Mailand (688273): The industry's recovery trend is good, and the 2023Q1 performance growth rate is impressive

中信建投證券 ·  Apr 30, 2023 00:00  · Researches

Core views

The growth rate of the company's 2023Q1 revenue and net profit to the mother is impressive. In the short term, the company's operations have returned to normal after the epidemic, and performance is expected to grow rapidly; in the medium term, new products in the field of reproductive rehabilitation and sports rehabilitation, such as ultrasound therapists, ultrasonic uterine rehabilitation devices, and finger joint rehabilitation evaluation systems, are expected to create the company's second growth curve; in the long run, the penetration rate of the rehabilitation equipment industry is low, and the company is expected to continue to increase its market share in the future through product strength, channels, and service advantages.

occurrences

The company released its 2022 annual report and the first quarter of 2023

The company achieved revenue of 377 million yuan in 2022, an increase of 10.32% over the previous year; net profit of Guimu was 122 million yuan, an increase of 3.00% over the previous year; after deducting net profit of non-Gimo, an increase of -14.90% over the previous year, EPS was 1.46 yuan/share.

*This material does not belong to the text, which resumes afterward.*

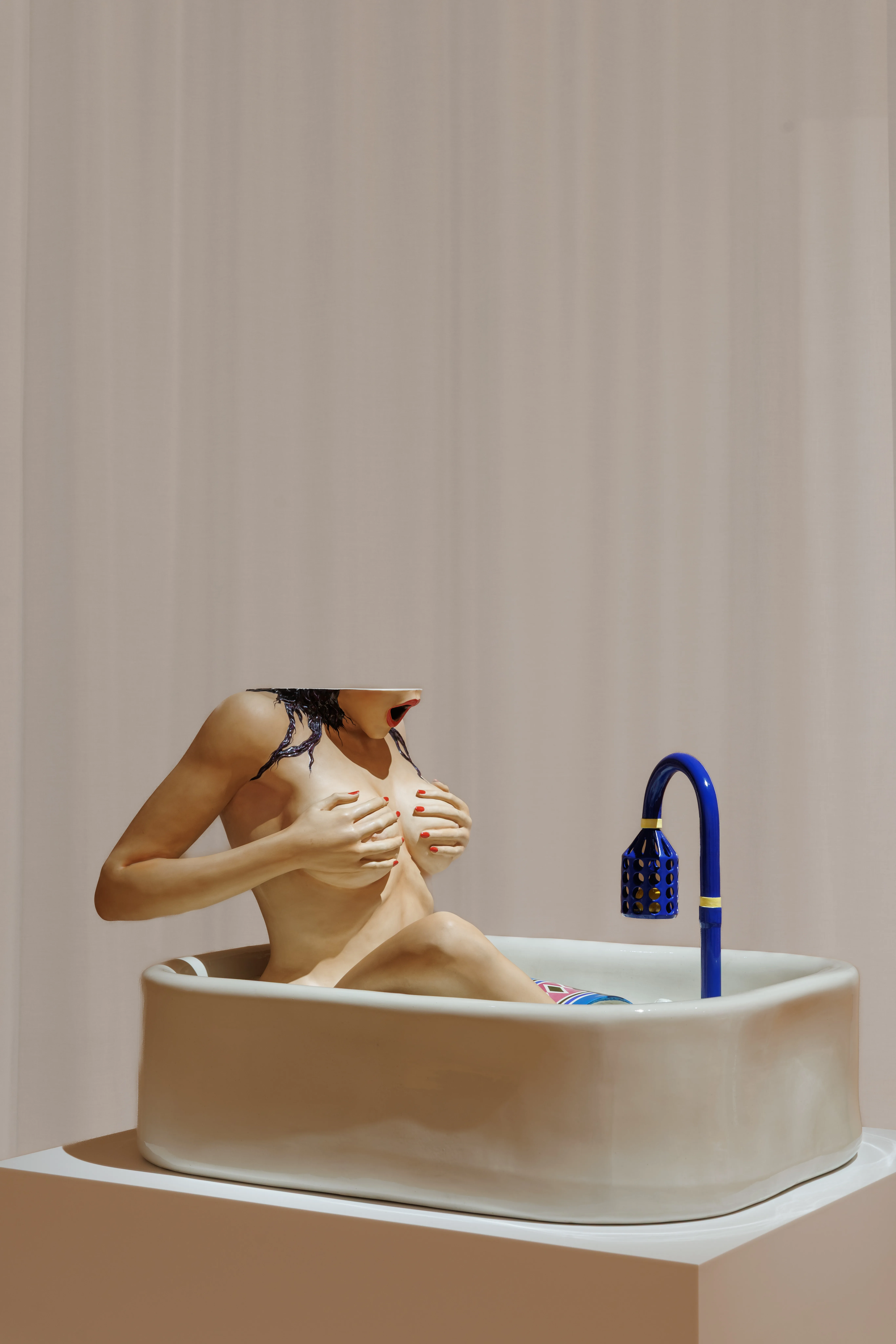 悪趣味以下の3点も同様だ。典型例は、入浴中の女性が突然現れたシュノーケルに驚いて乳房を隠すという設定の《Woman in Tub》(1988)。磁器に写実的な彩色を施したリアルサイズの裸婦像は、大きく開けた口より上の頭部がない。ありえない設定と相俟って、ポルノグラフィックというよりもコミカルな印象を受けるが、これは発表の翌年から始まるラ・チッチョリーナとの協働の先触れだろう。アーティストと元ポルノ女優は「Made in Heaven」シリーズ(1989〜91)などで、自分たちが愛を交わす姿を堂々と、写真や絵画や大型ビルボードに、磁器やガラスや大理石などの立体に作品化している。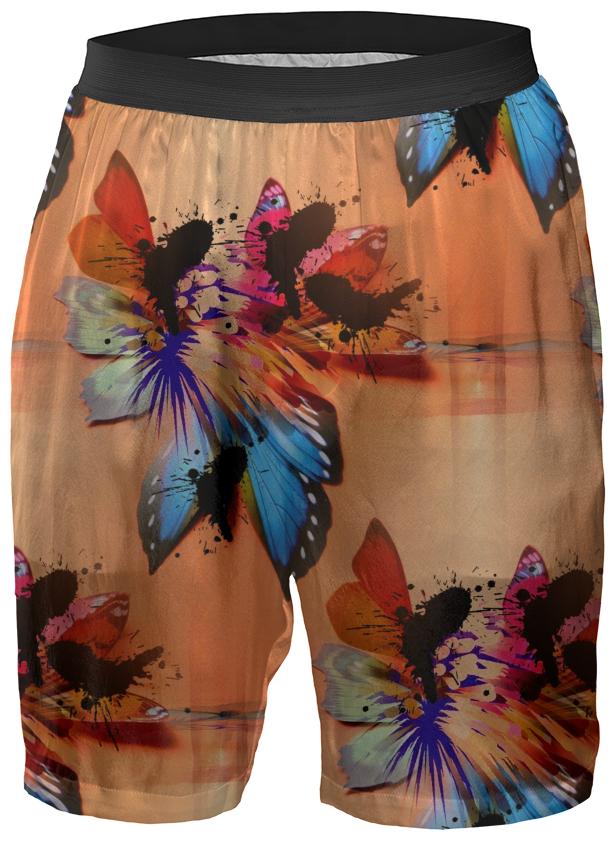 Loose fit silk boxers with elastic waistband buttoned front fly side seam pockets and one buttoned back pocket.

The company achieved revenue of 109 million yuan in the first quarter of 2023, an increase of 46.34% over the previous year; net profit of Fumo was 32 million yuan, an increase of 53.60% over the previous year; after deducting net profit of 27 million yuan, an increase of 33.22% over the previous year, EPS was 0.32 yuan/share.

Brief review

The industry's recovery trend is good. The company's performance growth rate for the full year of 2022 was impressive. The company's revenue for the full year of 2022, net profit returned to the mother, and net profit after deducting non-return to the mother were 3.77, 1.22, and 89 million yuan respectively, up 10.32%, 3.00%, and -14.90%, respectively. 2023Q1 2022Q4's operating income and net profit of the parent company were $0.79 and $24 million respectively, up -29.24% and -41.56% year-on-year respectively. Considering the negative impact of the domestic epidemic at the end of 2022 on rehabilitation departments.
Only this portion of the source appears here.